In the face of rocketing housing costs and rising public discontent, the Chinese government has been pushing to establish a public housing program to provide opportunities for ordinary citizens to buy homes.
In a not unfamiliar twist, a recent audit of the program shows that it is also providing opportunities for government officials and their associates to convert public assets into personal gain.
During 2012 China spent approximately RMB 880 billion on affordable housing, and according to a report by the National Audit Office which was published last week, about RMB 5.8 billion of these funds were misappropriated.
The report revealed that funds for 360 affordable housing projects were used by local governments to pay back debts or make investments in other projects. There were also more outright cases of graft with many families receiving multiple homes (China’s policy is to restrict households to one home in most areas), leasing out of whole projects by governments, and the more traditional embezzlement.

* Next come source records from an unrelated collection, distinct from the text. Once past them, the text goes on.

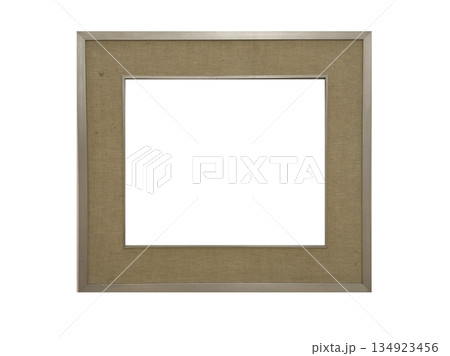 Rustic horizontal picture frame mockup with woven beige mat board and metallic border. Decorative
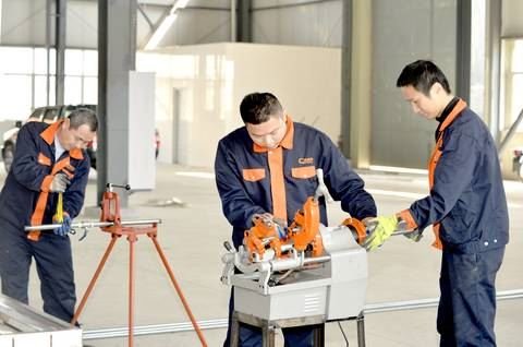 圖為施工人員正在戴維特余熱發(fā)電設備生產(chǎn)基地進行氣管安裝。涂英鵬 攝
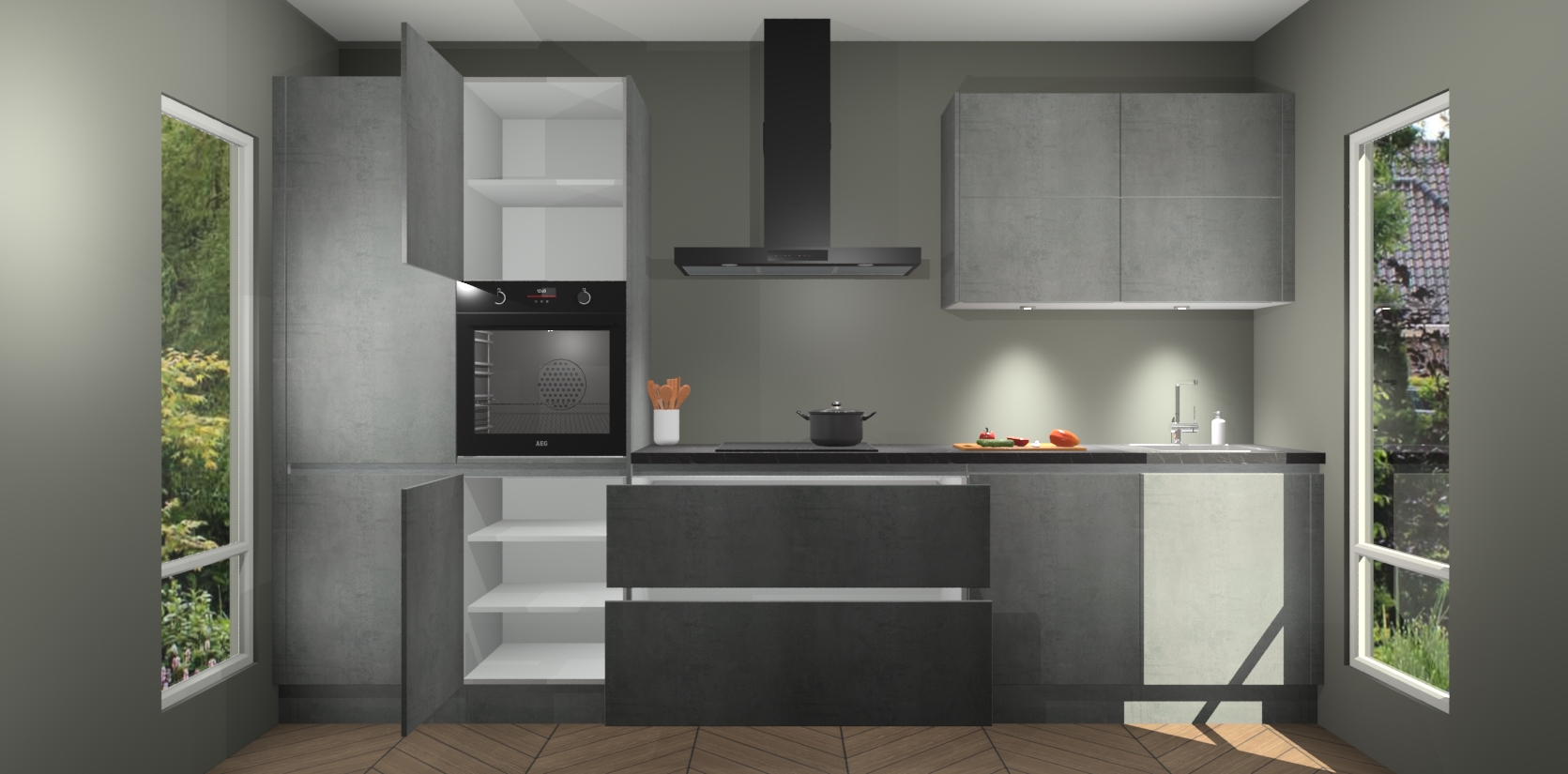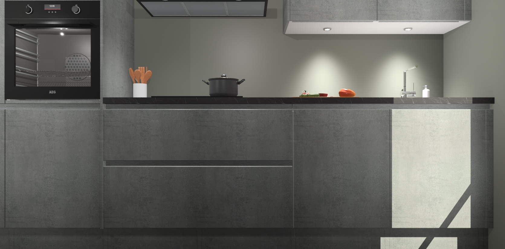Maak kennis met de nieuwe Beton Parelgrijs greeploze Keuken Parijs - de perfecte designcombinatie van gemak, moderne elegantie en ultramodern design. Met een gemakkelijk te reinigen Beton Parelgrijs afwerking, zal de slankheid van deze keuken zeker een vleugje luxe toevoegen aan elke ruimte die hij inneemt.

China’s affordable housing program was launched to provide opportunities for ordinary citizens to purchase their own homes in the face of the country’s sky-rocketing real estate prices. As speculation in real estate has driven home prices beyond the reach of many wage earners, the government has been facing increasing discontent from the public.
In February last year when Li was still vice premier, he asked the public to monitor the affordable housing program to ensure that the benefits were distributed in an equitable manner. Evidently, the Audit Office is also watching the RMB 412.9 billion that was directly invested by the government in the program, as well as the RMB 466.8 billion that was provided through bank loans, bonds and other sources.
China built 5.9 million new affordable houses for 9.53 million low-income families in 2012. However, the report showed that 108,400 households who received housing under the program did not qualify for subsidized homes, and 11,300 families managed to receive multiple houses.
In addition to the naughty householders, local governments got involved in the graft more directly by leasing out 34 projects (instead of selling them to families), and nearly RMB 5.8 billion was directly embezzled by local officials
And the graft found in the report may be an understatement.
In an interview with Bloomberg, Jinsong Du, a Hong Kong-based property analyst at Credit Suisse Group AG, said, “If there’s any surprise it should be that it’s so small,” Du said of the abuses. “This is probably a deflated number.”